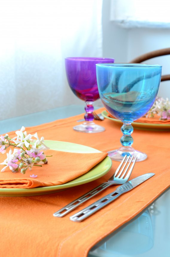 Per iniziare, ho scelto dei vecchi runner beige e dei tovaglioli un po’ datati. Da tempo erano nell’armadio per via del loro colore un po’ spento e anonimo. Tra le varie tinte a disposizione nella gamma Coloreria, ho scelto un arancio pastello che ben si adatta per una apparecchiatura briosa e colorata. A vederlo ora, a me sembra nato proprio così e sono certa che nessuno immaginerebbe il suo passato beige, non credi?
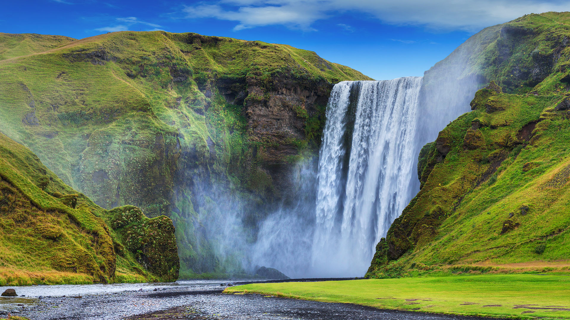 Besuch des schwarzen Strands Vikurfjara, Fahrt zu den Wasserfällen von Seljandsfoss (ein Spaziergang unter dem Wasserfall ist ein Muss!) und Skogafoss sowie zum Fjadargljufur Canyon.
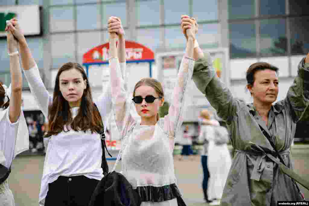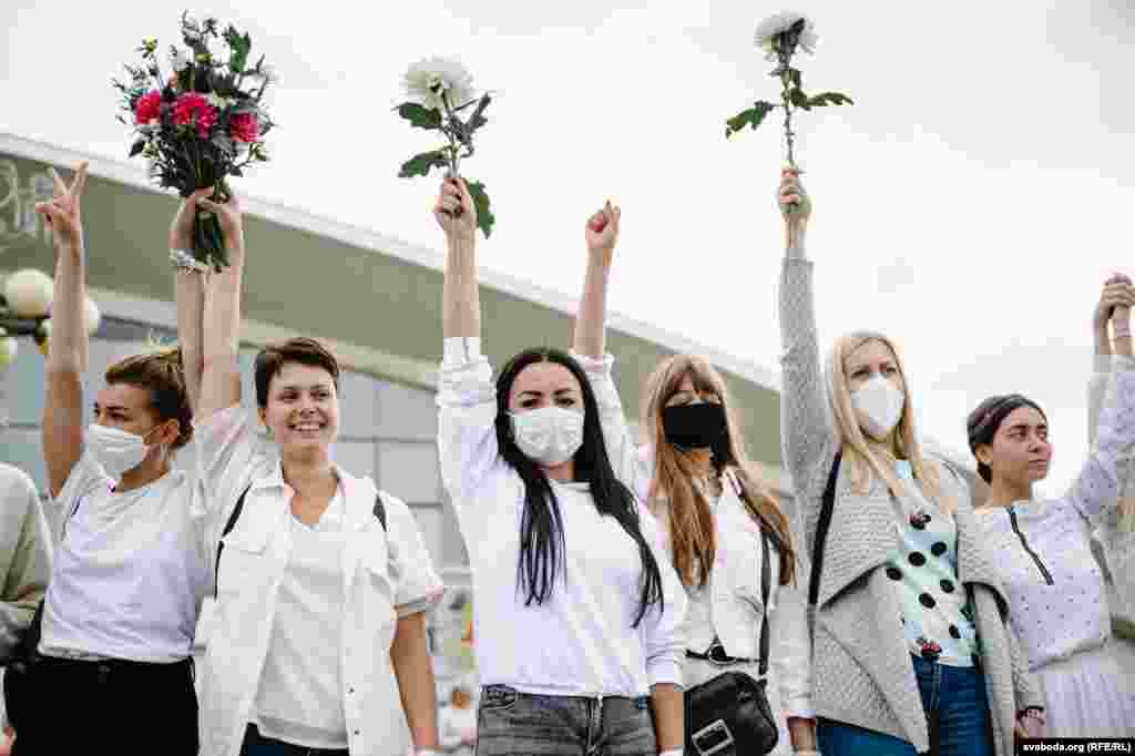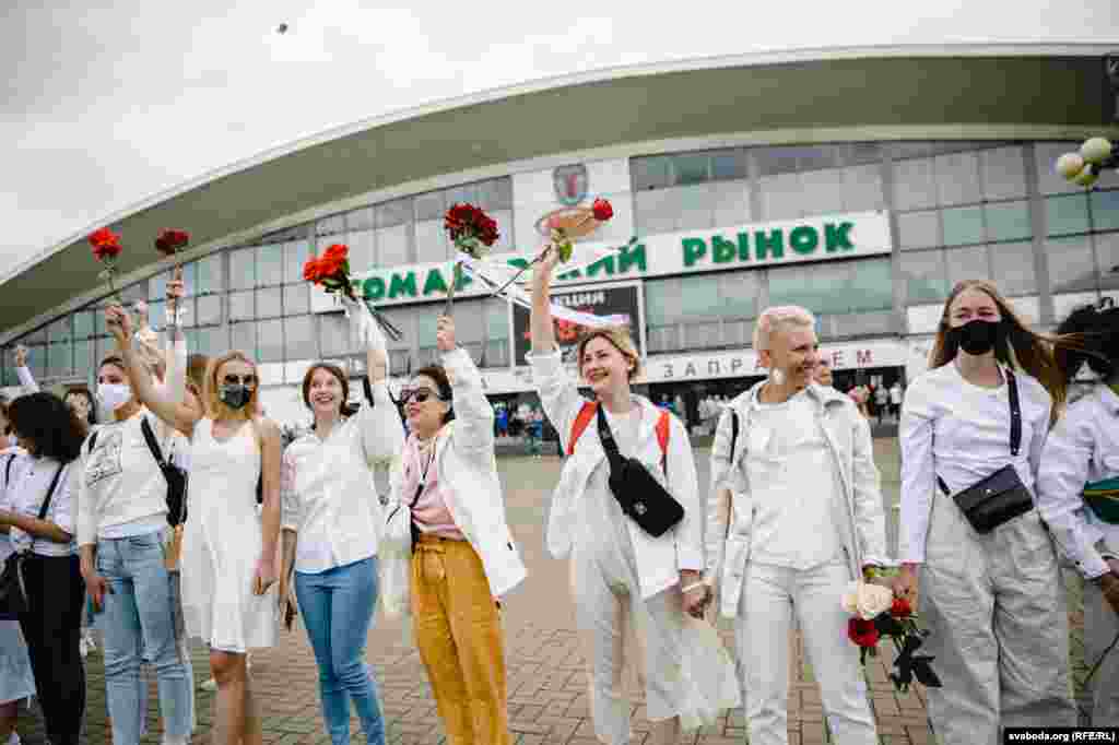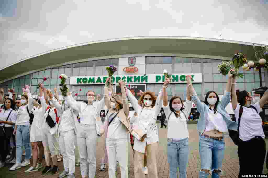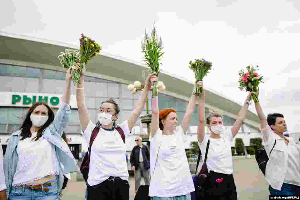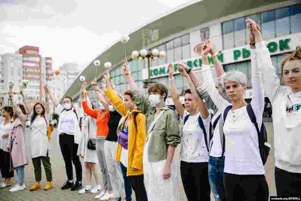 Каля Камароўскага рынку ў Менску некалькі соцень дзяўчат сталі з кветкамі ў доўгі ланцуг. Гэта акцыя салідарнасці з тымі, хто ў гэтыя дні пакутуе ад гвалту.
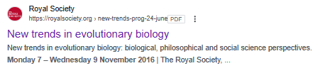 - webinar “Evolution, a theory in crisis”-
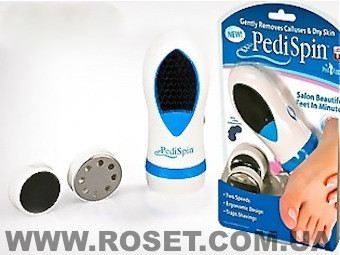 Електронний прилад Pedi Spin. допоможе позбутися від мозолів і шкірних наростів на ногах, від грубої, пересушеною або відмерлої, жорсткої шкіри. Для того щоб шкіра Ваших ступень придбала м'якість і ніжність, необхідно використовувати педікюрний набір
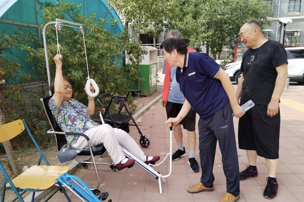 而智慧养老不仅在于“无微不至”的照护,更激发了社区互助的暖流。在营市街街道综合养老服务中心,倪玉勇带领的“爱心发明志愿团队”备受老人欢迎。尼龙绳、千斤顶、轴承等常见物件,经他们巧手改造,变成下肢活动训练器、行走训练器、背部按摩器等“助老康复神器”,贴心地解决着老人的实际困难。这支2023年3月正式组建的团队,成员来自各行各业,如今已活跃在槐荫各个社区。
====================
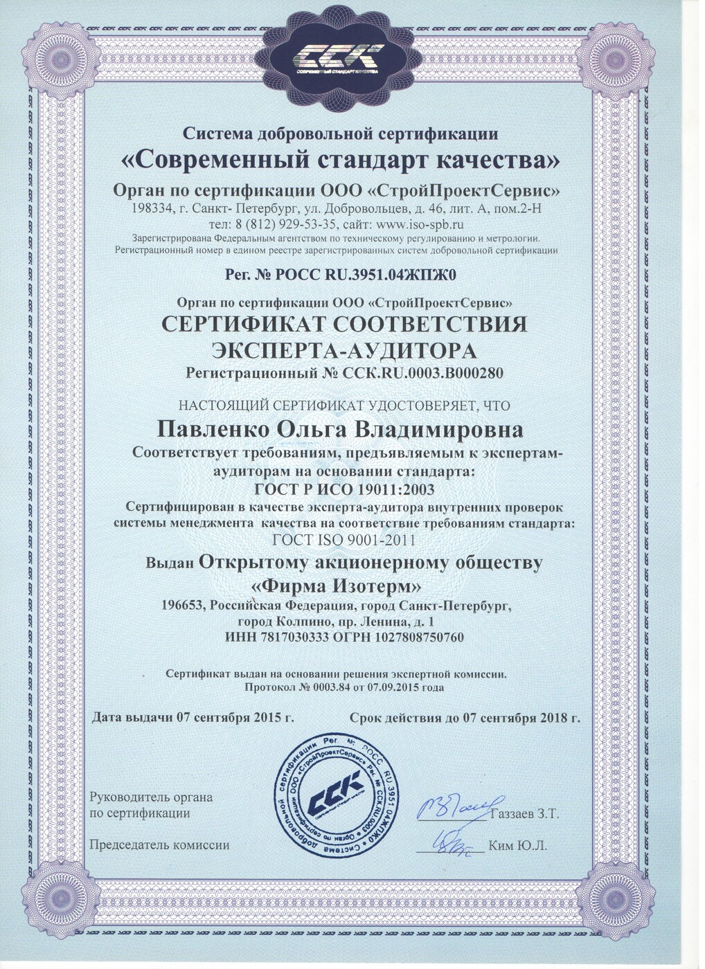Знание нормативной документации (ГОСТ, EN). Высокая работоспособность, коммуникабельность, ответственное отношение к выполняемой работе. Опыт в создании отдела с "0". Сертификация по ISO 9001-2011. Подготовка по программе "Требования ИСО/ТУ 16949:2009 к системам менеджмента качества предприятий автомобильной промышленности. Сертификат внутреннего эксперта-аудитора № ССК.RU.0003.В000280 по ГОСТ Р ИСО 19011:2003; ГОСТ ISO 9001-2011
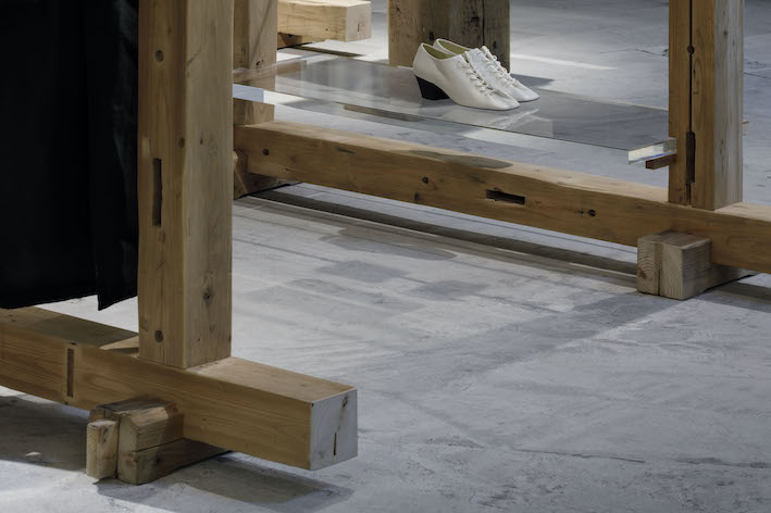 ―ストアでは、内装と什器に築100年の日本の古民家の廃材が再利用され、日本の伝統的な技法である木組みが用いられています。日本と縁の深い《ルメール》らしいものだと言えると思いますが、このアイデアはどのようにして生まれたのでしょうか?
====================
WHAT YOU WILL DO: Everything above from the line that has "a theory in" down to the line that has "Електронний прилад Pedi" should be output exactly, with both of those lines included. Leave the pictures behind.

TASK SOLUTION:
 - webinar “Evolution, a theory in crisis”-
 Електронний прилад Pedi Spin. допоможе позбутися від мозолів і шкірних наростів на ногах, від грубої, пересушеною або відмерлої, жорсткої шкіри. Для того щоб шкіра Ваших ступень придбала м'якість і ніжність, необхідно використовувати педікюрний набір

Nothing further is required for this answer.